Cox: “We cover 19 counties in Missouri and Illinois where a disaster can hit at any time. Start by developing a plan by helping us be better prepared, developing relationships and stronger partnerships to respond and support communities. Our work is continuous. Disasters are occurring more frequently.”
Dr. Punch: “Resilience. This is a nationwide reality and we need places of worship, libraries, and schools to develop the capacity to be a physical source of respite in severe weather events. We need solar panels, drinking water, heating and cooling, and shelf-stable food. We are working on creating a resilience center, or a series of them, in St. Louis. Severe weather is here, it’s not going to stop.”
In five or ten years, these efforts may slip people’s minds. How will you keep revisiting?
Dr. Punch: “The Red Cross talks about blue skies, gray skies. Keep yourself ready for gray sky moments by having robust blue sky moments. The resilience center model helps us stay ready and promote community wellness.”
Cox: “we do have resilience hubs all across the country, but we weren’t prepared to have them here in this community. This is an opportunity for growth for us. We are engaging more people from different communities. 90% of our workforce are volunteers because we focus on the mission and the people. It takes everyone to be involved.”
Thomas: “I’m going to make a documentary so we never forget. I’m documenting the course over the next ten years to show how we recovered and how drastically things have improved.
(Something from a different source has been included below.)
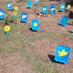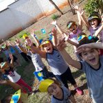 As crianças com a ajudada professora criaram vários personagens em bandejinhas de isopor que iriam para o lixo desenharam pintaram e coloriram nessa forma usaram a sustentabilidade e a reciclagem para deixar a aula mais divertida e a escola ganhou um colorido especial todos que ali passavam podiam ver e se encantar com a beleza de nosso jardim.

I don’t go anywhere without my camera.”
Nicks: “We can’t control anything except the four or eight years while we’re in office. Long-term ability to help communities recover can’t exist in government. It exists in non-profits and organizations. We should invest capacity in organizations that already exist by creating funding and processes. How do we set up things like the centers and partner with groups like the Red Cross that can hold the response? The city takes a while to respond. The initial response has to come from these organizations and communities that exist.”
Students were then able to ask a series of insightful questions, and our panelists stayed after to continue the discussion in small groups. Many thanks to Dr. LJ Punch, LaKricia Cox, Cami Thomas, and Julian Nicks for spending time with our junior class and for sharing their experience, expertise, and wisdom.